There's always going to be a benefit
and a beneficial side to doing that.
So regardless of the outcome,
you will be healing in a way
that's going to either propel you forward
and have you meet someone that's really right for you,
or you're going to heal the relationship you're currently in. So if someone's pulling away
and acting distant towards you, it is easy to think of the worst case scenario and get caught
up in this idea that you're going to be alone and they don't care and you're neglected. But
instead of doing that and taking that approach, I want you to tell yourself that I trust what's
happening right now.
I fully trust that what's meant to be will be and I will send this person love even though
I'm hurt right now, even though I'm scared and I'm anxious.
Because the dynamic seems to have switched, their feelings seem to have changed, I'm worried,
I'm anxious.
But you have to understand that that's just the temporary current situation.
And there is another reality out there
where you can be happy with this person
or you can be happy with someone else
and everything will magically shift and change
and your life isn't over.
It's so easy to think of the worst case thought.

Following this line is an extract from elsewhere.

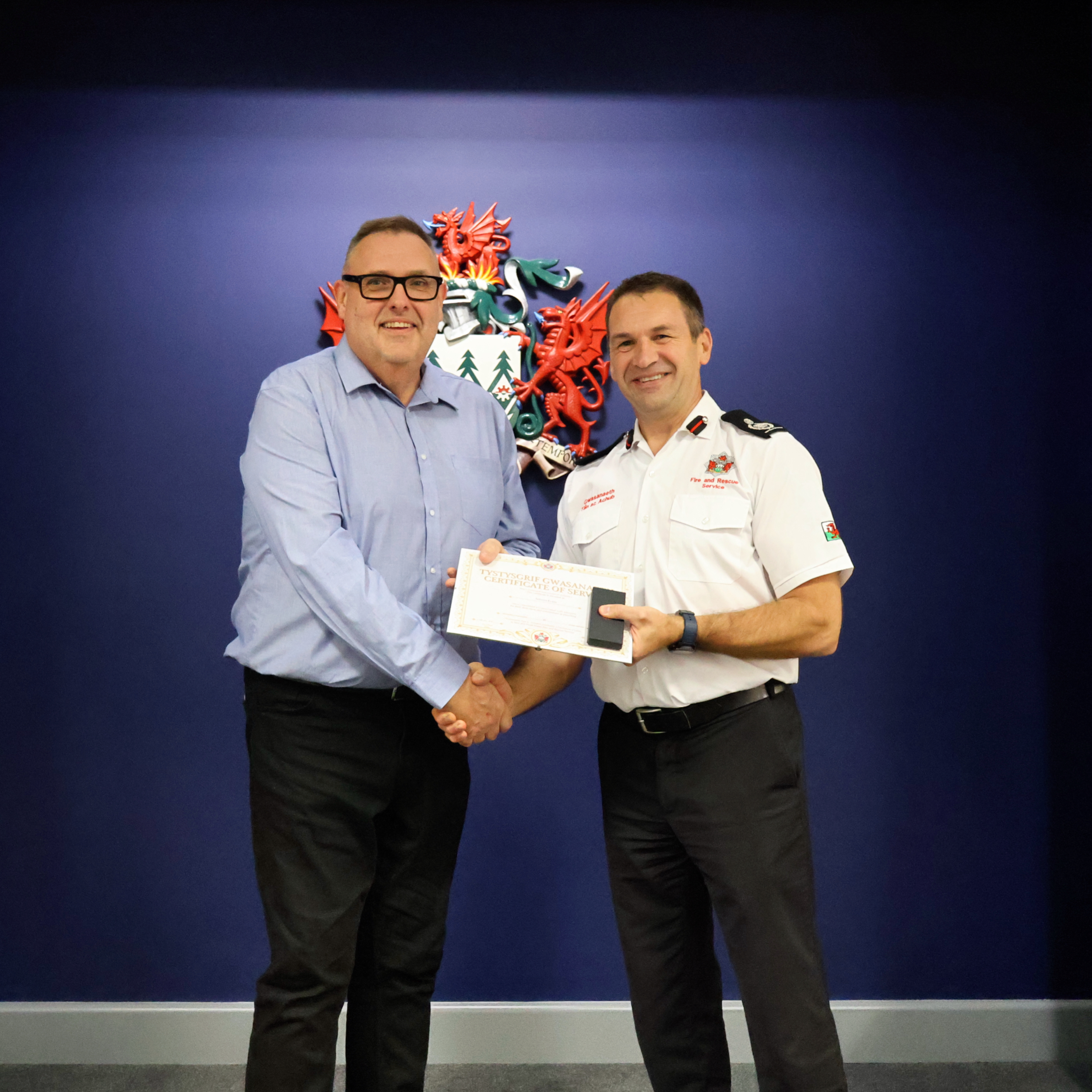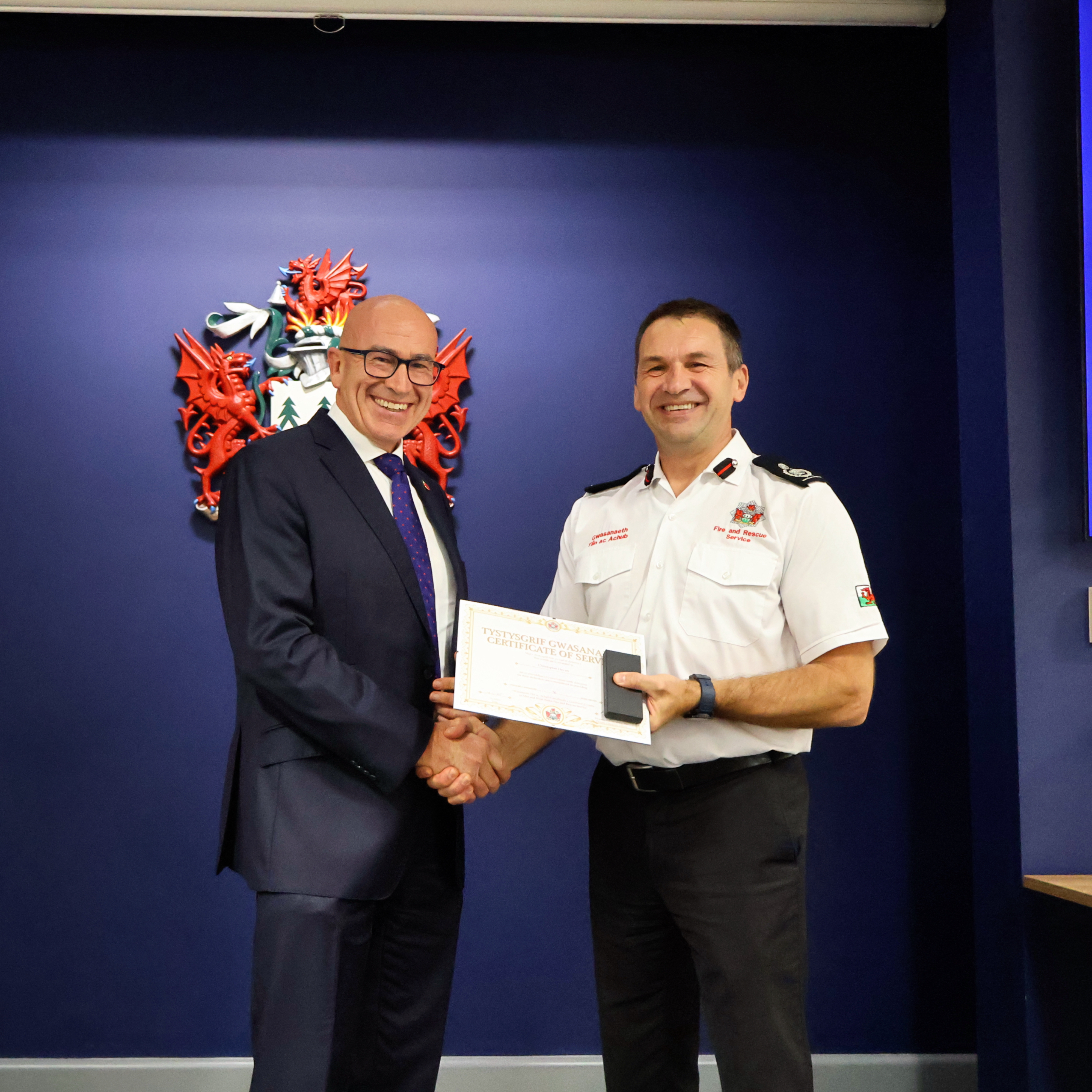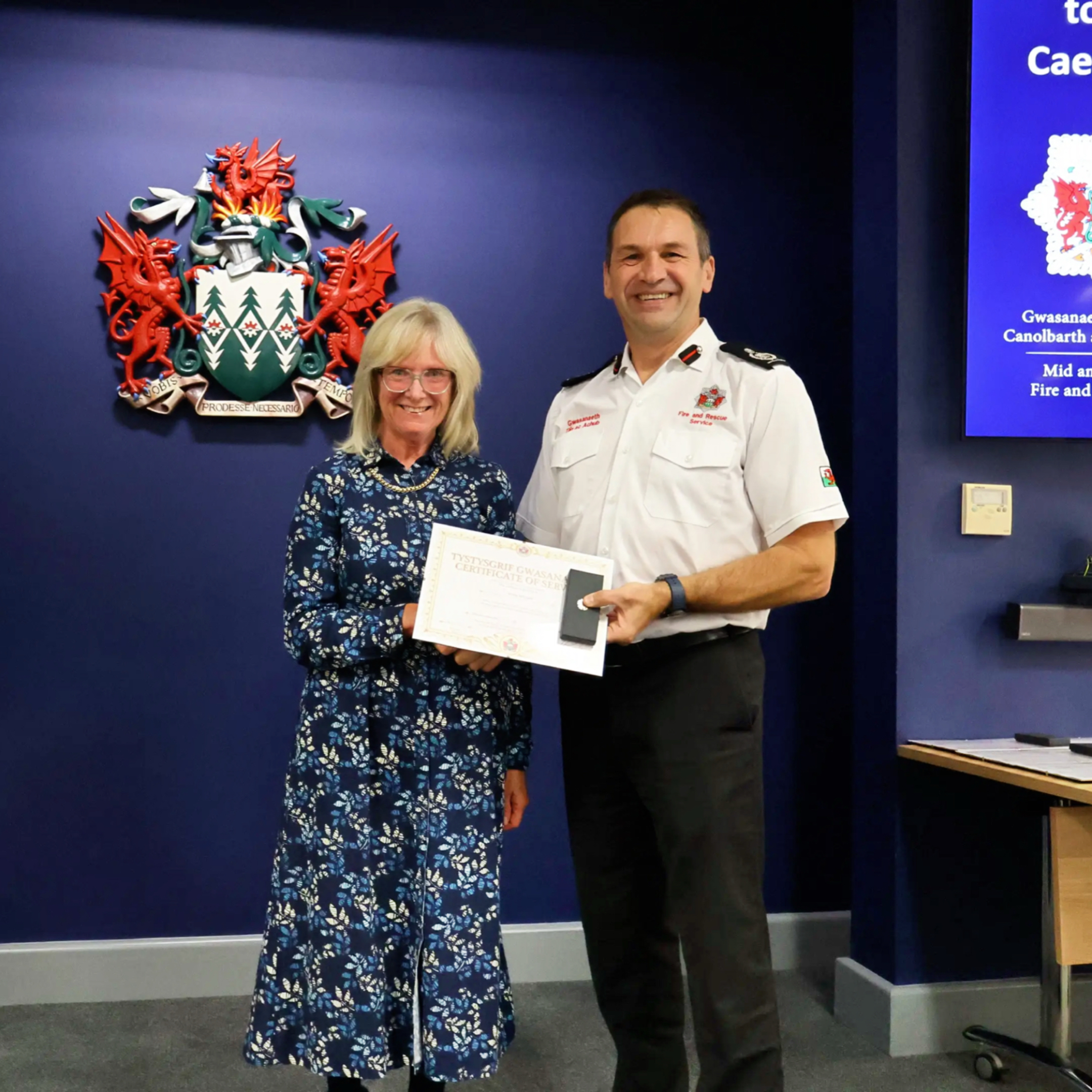 First to receive her award was Watch Manager Yvette Williams from Joint Fire Control, followed by Watch Manager Keith Jenkins from Haverfordwest Fire Station, Firefighter Peter Lewis from Tenby Fire Station, and finally Euros Edwards from Crymych Fire Station.

It's so easy to allow your brain to go there.
And the whole point of this episode is to encourage you
if you observe that thought
and it's not benefiting you and it's making you feel really, really sad, just observe
that thought objectively and say, okay, this is what I'm thinking right now. But if I allow
myself to change this into something more positive, into something more hopeful, that
is only going to benefit me. And that is only going to create better circumstances in my
reality and how people show up for me.
You can see two beautiful options ahead of you.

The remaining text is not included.